#### DESCRIPTION OF THE TASK
Please transcribe the data exactly as shown, skipping the images.

----- SOURCE MATERIAL -----

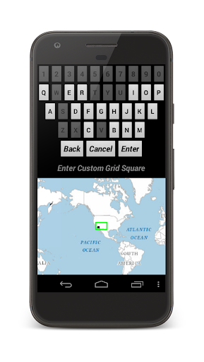 Additionally, with an internet connection or cached data, you may enter a custom 2, 4, or Six hero QTH locator value to present the Field (green square), Grid Square (black square) and SubGrid (dark blue square) space on a map. Tap and keep the Grid Square value field to enable the Custom Grid Square Keyboard arrangement and map.
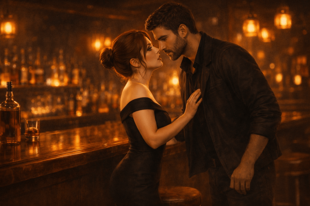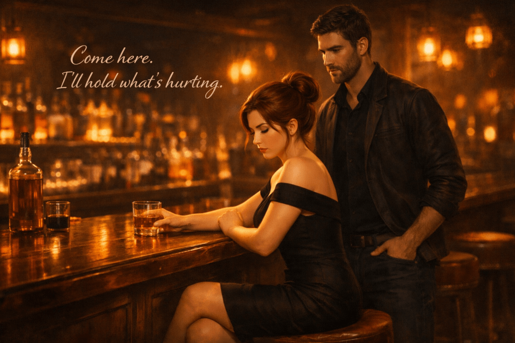 I was seated at a bar beneath dim amber lights, staring at the whiskey in my glass, wearing a black dress that made me look elegant, expensive, and tragically unavailable.
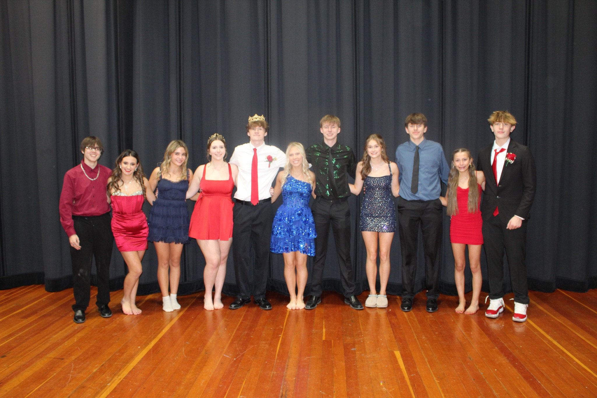 Pictured left to right:  Seniors: Dominick Shankel, Charlie Funes, Nina Siano, (not pictured Tony Vyce), Queen Britney Fatlan and King Jason Coughin, Juniors:  Ella Mack & Aiden Bodine, Sophomores: Lily Buck & Caden Christensen, Freshmen: Kaylee Tousignant & Ryan Male.

-----

#### ANSWER TO THE PROBLEM
 Additionally, with an internet connection or cached data, you may enter a custom 2, 4, or Six hero QTH locator value to present the Field (green square), Grid Square (black square) and SubGrid (dark blue square) space on a map. Tap and keep the Grid Square value field to enable the Custom Grid Square Keyboard arrangement and map.
 I was seated at a bar beneath dim amber lights, staring at the whiskey in my glass, wearing a black dress that made me look elegant, expensive, and tragically unavailable.
 Pictured left to right:  Seniors: Dominick Shankel, Charlie Funes, Nina Siano, (not pictured Tony Vyce), Queen Britney Fatlan and King Jason Coughin, Juniors:  Ella Mack & Aiden Bodine, Sophomores: Lily Buck & Caden Christensen, Freshmen: Kaylee Tousignant & Ryan Male.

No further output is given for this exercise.